Weirdest Moment: One of the museum’s security guards loudly sings opera while making his rounds.
Champion Dialogue: “I never said I was the wizard of coffee and toast.”
Body Count: 16; not including a female teen who presumably dies but we don’t specifically see it.
  1. Young Arab Woman dies… somehow.
  2. Random Dude is mauled offscreen.
  3. Old Arab Woman is axed to death.
  4. Max is cut in half or crushed or something, it's hard to tell.
  5.  Harley has his face impaled on an axe.
  6. Faylene is hung with an invisible rope.
  7. Dr. Theo Bressling has his head chopped with a ceiling fan.
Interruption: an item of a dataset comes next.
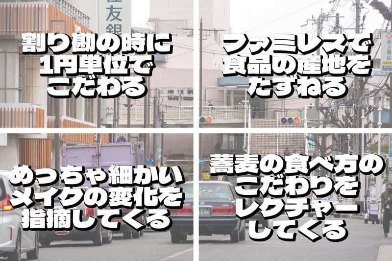 細かい…というかこだわりが強いのを人に押し付けるのがダメな感じでしょうか。そばの食べ方……思い当たる!(ヤバイやつ)

  8. Bob is impaled on a spear.
  9. Ross is split in half offscreen.
  10. Babs is attacked by bath cobras.
  11. Terry is bitten by a snake in his pants.
  12. Tony gets his head twisted off by a medieval helmet.
  13. Mike is impaled with a viking helmet.
  14. Jeff is killed offscreen.
  15. Ted is devoured by a reanimated corpse.
  16. Dr. Wallace is killed offscreen.
TL;DR: The Lamp is a thoroughly weird and engrossing supernatural slasher flick.
Rating: 7/10
Word Count: 1317

1 comment:

  1. And he doesn't even rape his ex, he rapes a black woman, which feels a bit random, on top of everything else. When they open the door and are shown in silhouette with that headgear, I guess it was scary even, for a moment. But that kind of lunacy is all the movie has going for it. I didn't find it so engrossing but I believe it certainly deserves a watch.
    It does have kind of unexpectedly "high" production values. Well, for what it is. Someone sure enjoyed riding that camera on a crane or whatever they did for all of those POV shots of the monster flying around the museum. The lamp was neat I guess, although it looked like it had a glans or something.